|Above: A supercell thunderstorm looms over eastern Colorado west of Limon on June 19, 2018. Image credit: Bob Henson.|
The biggest experiment in years to target supercells and tornadoes across the Great Plains kicks off this week, just in time for what promises to be one of the biggest severe weather outbreaks of the year. Along with a fleet of ground-based vehicles, this project will include two starkly different types of airborne platforms, one with decades of experience and the other freshly minted.
The TORUS project (Targeted Observation by Radars and UAS of Supercells) is drawing on a $2.4 million grant from the National Science Foundation, plus about $1.5 million from NOAA. Springtime field campaigns are set for 2019 and 2020, with as many as 42 days of operations possible.
This year’s experiment will unfold through June 16 across a domain extending from Texas to North Dakota. As TORUS gets rolling, the plains are about to enter what’s likely to be an exceptionally active week of severe weather (see below).
|Figure 1. Graduate student Alex Erwin drills a pipe that will hold an instrument cluster on the University of Nebraska's newest storm chase vehicle. Image credit: University of Nebraska–Lincoln.|
TORUS harks back to other large-scale tornado studies in the Great Plains, including the original VORTEX project (1994-95) and the VORTEX2 follow-up (2009-10). This time around, the researchers hope to drill even deeper, gathering more precise data with improved instruments to understand a supercell’s inner workings and to check the validity of computer models that can simulate the atmosphere around supercell thunderstorms in more detail than ever.
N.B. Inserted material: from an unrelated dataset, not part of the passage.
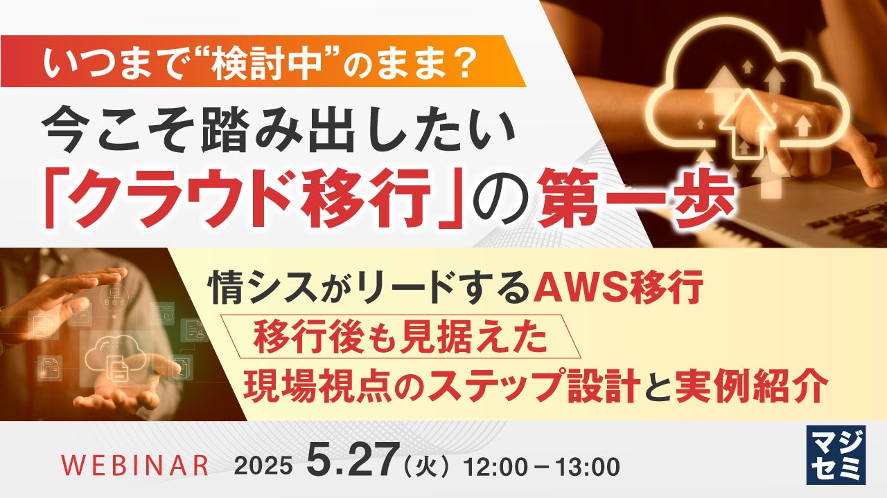 マジセミ株式会社は「いつまで“検討中”のまま? 今こそ踏み出したい「クラウド移行」の第一歩」というテーマのウェビナーを開催します。

Some weather patterns are clearly primed to produce tornadoes, which opens the door to probabilistic alerts that might be issued an hour or more before the first twister develops (a big focus of recent NOAA efforts). Other storm setups are more ambiguous. Only a small fraction of rotating supercell thunderstorms end up producing tornadoes. It can still a challenge to determine from radar data exactly which supercell will do the trick until it either does or doesn’t. That’s a big reason why most tornado warnings—about 70% in recent years—are false alarms.
The catch, though: “If you reduce the false alarm rate, you also reduce the rate of detection,” said TORUS lead investigator Adam Houston (University of Nebraska–Lincoln, or UNL). “We need to improve that gap to save lives. We can do that if we can improve our understanding of small-scale structures and small-scale processes that lead up to storms.”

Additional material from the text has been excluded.